What to do: The reply must return each line of the data exactly.

Data extract:
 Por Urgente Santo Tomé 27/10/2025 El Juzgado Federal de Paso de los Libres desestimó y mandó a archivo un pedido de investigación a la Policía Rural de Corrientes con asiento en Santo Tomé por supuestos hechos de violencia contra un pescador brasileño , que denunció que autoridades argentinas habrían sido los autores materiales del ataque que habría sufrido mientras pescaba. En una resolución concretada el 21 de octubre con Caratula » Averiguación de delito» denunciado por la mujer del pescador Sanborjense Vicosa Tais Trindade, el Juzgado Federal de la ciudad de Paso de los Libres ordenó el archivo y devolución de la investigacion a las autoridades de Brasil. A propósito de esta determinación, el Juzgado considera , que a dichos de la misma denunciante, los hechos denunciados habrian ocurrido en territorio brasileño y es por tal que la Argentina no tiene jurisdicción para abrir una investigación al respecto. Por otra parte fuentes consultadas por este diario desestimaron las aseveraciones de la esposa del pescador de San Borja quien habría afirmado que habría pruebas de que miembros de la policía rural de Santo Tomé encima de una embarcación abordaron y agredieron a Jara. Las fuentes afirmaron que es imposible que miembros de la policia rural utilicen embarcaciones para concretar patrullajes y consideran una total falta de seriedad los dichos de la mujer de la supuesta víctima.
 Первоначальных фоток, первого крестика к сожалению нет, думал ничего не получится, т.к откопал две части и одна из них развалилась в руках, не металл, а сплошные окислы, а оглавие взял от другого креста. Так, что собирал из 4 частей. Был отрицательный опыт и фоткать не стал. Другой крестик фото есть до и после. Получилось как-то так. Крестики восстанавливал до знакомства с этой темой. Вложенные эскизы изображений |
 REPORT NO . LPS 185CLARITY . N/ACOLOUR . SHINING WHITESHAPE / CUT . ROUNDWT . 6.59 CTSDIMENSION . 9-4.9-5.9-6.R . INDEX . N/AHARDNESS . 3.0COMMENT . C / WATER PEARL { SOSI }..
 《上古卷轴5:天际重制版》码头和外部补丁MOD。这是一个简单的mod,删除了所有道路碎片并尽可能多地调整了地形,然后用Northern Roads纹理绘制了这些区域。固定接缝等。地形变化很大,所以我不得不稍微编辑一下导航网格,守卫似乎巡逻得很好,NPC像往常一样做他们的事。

Output of the exercise:
 Por Urgente Santo Tomé 27/10/2025 El Juzgado Federal de Paso de los Libres desestimó y mandó a archivo un pedido de investigación a la Policía Rural de Corrientes con asiento en Santo Tomé por supuestos hechos de violencia contra un pescador brasileño , que denunció que autoridades argentinas habrían sido los autores materiales del ataque que habría sufrido mientras pescaba. En una resolución concretada el 21 de octubre con Caratula » Averiguación de delito» denunciado por la mujer del pescador Sanborjense Vicosa Tais Trindade, el Juzgado Federal de la ciudad de Paso de los Libres ordenó el archivo y devolución de la investigacion a las autoridades de Brasil. A propósito de esta determinación, el Juzgado considera , que a dichos de la misma denunciante, los hechos denunciados habrian ocurrido en territorio brasileño y es por tal que la Argentina no tiene jurisdicción para abrir una investigación al respecto. Por otra parte fuentes consultadas por este diario desestimaron las aseveraciones de la esposa del pescador de San Borja quien habría afirmado que habría pruebas de que miembros de la policía rural de Santo Tomé encima de una embarcación abordaron y agredieron a Jara. Las fuentes afirmaron que es imposible que miembros de la policia rural utilicen embarcaciones para concretar patrullajes y consideran una total falta de seriedad los dichos de la mujer de la supuesta víctima.
 Первоначальных фоток, первого крестика к сожалению нет, думал ничего не получится, т.к откопал две части и одна из них развалилась в руках, не металл, а сплошные окислы, а оглавие взял от другого креста. Так, что собирал из 4 частей. Был отрицательный опыт и фоткать не стал. Другой крестик фото есть до и после. Получилось как-то так. Крестики восстанавливал до знакомства с этой темой. Вложенные эскизы изображений |
 REPORT NO . LPS 185CLARITY . N/ACOLOUR . SHINING WHITESHAPE / CUT . ROUNDWT . 6.59 CTSDIMENSION . 9-4.9-5.9-6.R . INDEX . N/AHARDNESS . 3.0COMMENT . C / WATER PEARL { SOSI }..
 《上古卷轴5:天际重制版》码头和外部补丁MOD。这是一个简单的mod,删除了所有道路碎片并尽可能多地调整了地形,然后用Northern Roads纹理绘制了这些区域。固定接缝等。地形变化很大,所以我不得不稍微编辑一下导航网格,守卫似乎巡逻得很好,NPC像往常一样做他们的事。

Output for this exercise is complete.